* Assignment *
Apart from the images, reproduce every record word for word.
────────
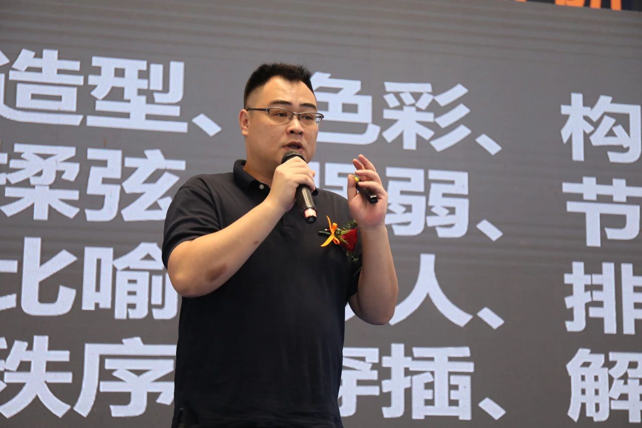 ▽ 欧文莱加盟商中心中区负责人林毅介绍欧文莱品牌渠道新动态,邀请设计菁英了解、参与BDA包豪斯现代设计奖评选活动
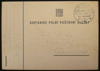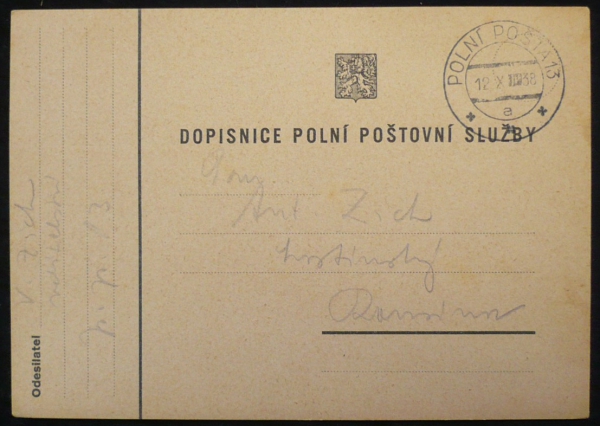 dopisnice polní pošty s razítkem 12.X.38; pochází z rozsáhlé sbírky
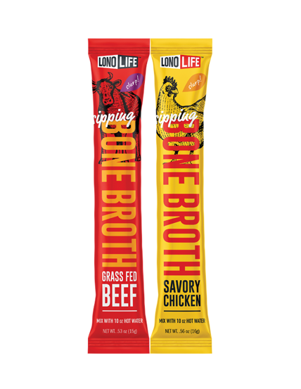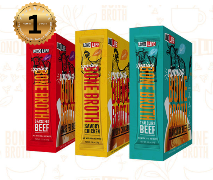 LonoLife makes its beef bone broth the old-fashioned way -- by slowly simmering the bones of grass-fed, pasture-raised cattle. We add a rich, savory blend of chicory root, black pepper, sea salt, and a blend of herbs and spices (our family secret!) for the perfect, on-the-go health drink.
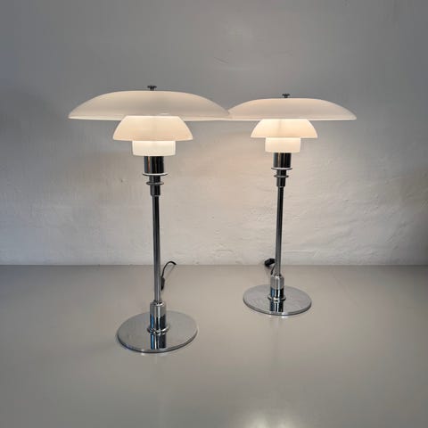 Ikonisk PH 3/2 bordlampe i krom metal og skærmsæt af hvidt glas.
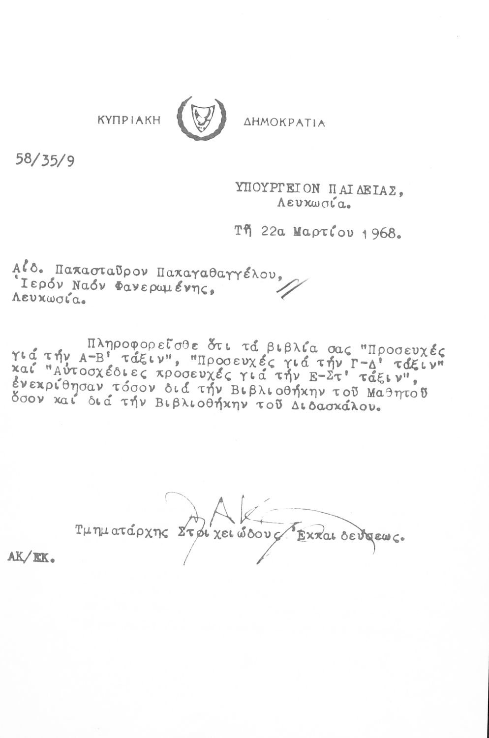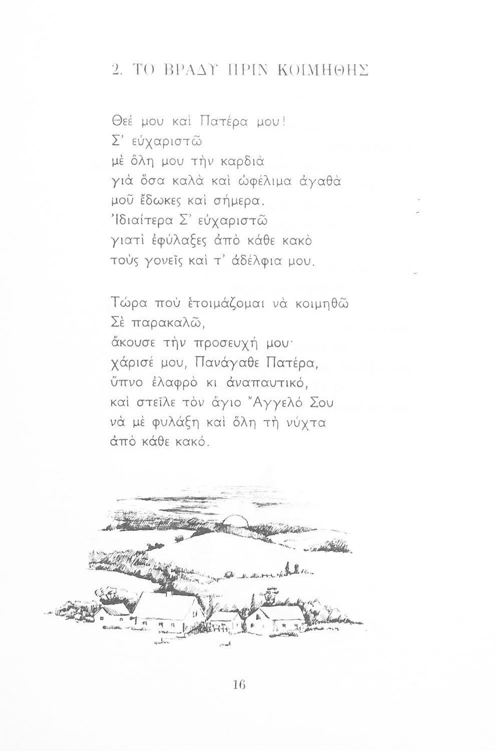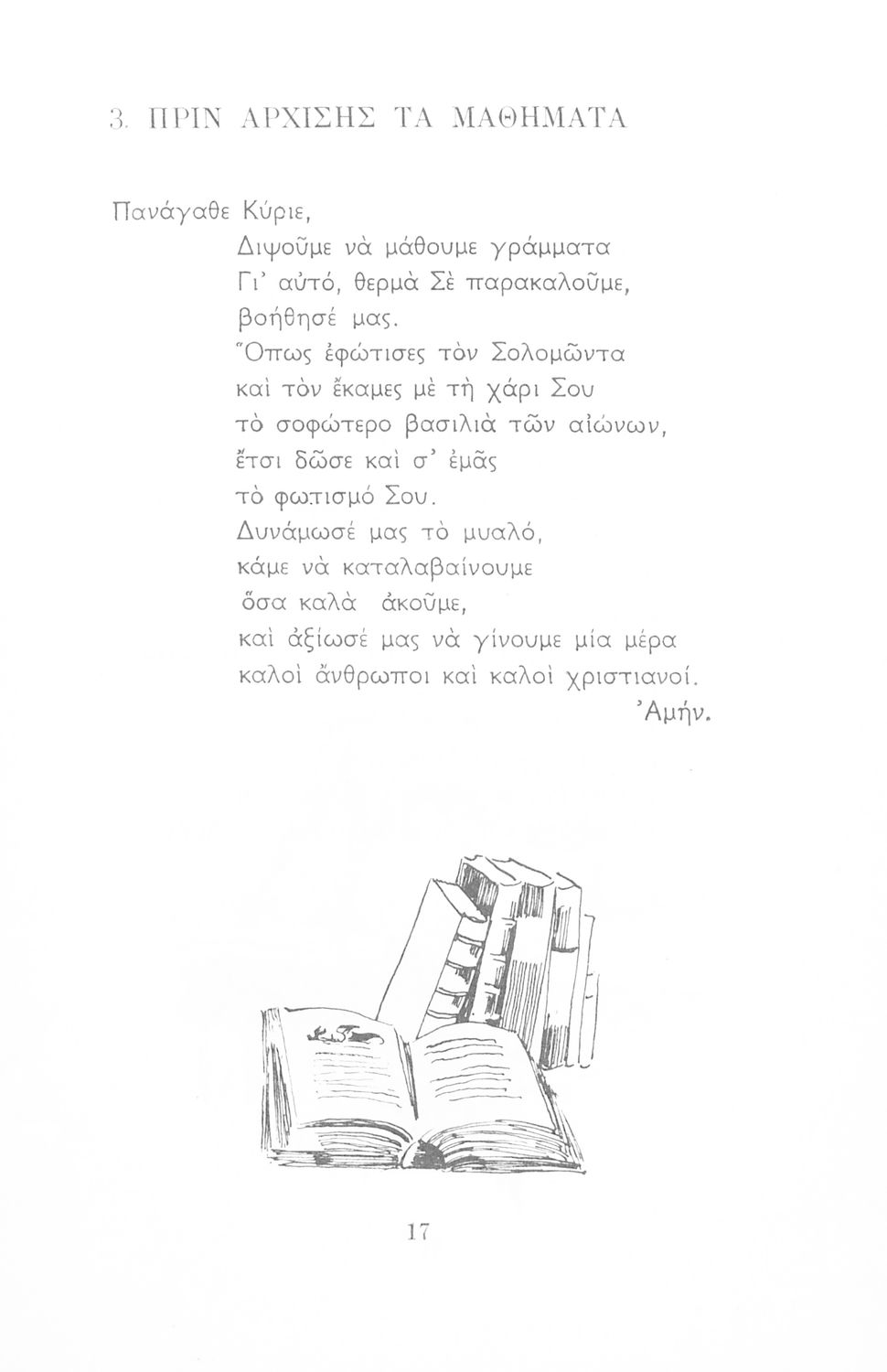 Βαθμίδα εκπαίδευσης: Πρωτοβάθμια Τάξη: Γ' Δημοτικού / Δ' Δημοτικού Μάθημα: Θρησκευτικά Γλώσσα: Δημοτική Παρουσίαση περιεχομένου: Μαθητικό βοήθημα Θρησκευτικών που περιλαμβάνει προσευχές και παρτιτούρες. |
────────
* Reply *
 ▽ 欧文莱加盟商中心中区负责人林毅介绍欧文莱品牌渠道新动态,邀请设计菁英了解、参与BDA包豪斯现代设计奖评选活动
 dopisnice polní pošty s razítkem 12.X.38; pochází z rozsáhlé sbírky
 LonoLife makes its beef bone broth the old-fashioned way -- by slowly simmering the bones of grass-fed, pasture-raised cattle. We add a rich, savory blend of chicory root, black pepper, sea salt, and a blend of herbs and spices (our family secret!) for the perfect, on-the-go health drink.
 Ikonisk PH 3/2 bordlampe i krom metal og skærmsæt af hvidt glas.
 Βαθμίδα εκπαίδευσης: Πρωτοβάθμια Τάξη: Γ' Δημοτικού / Δ' Δημοτικού Μάθημα: Θρησκευτικά Γλώσσα: Δημοτική Παρουσίαση περιεχομένου: Μαθητικό βοήθημα Θρησκευτικών που περιλαμβάνει προσευχές και παρτιτούρες. |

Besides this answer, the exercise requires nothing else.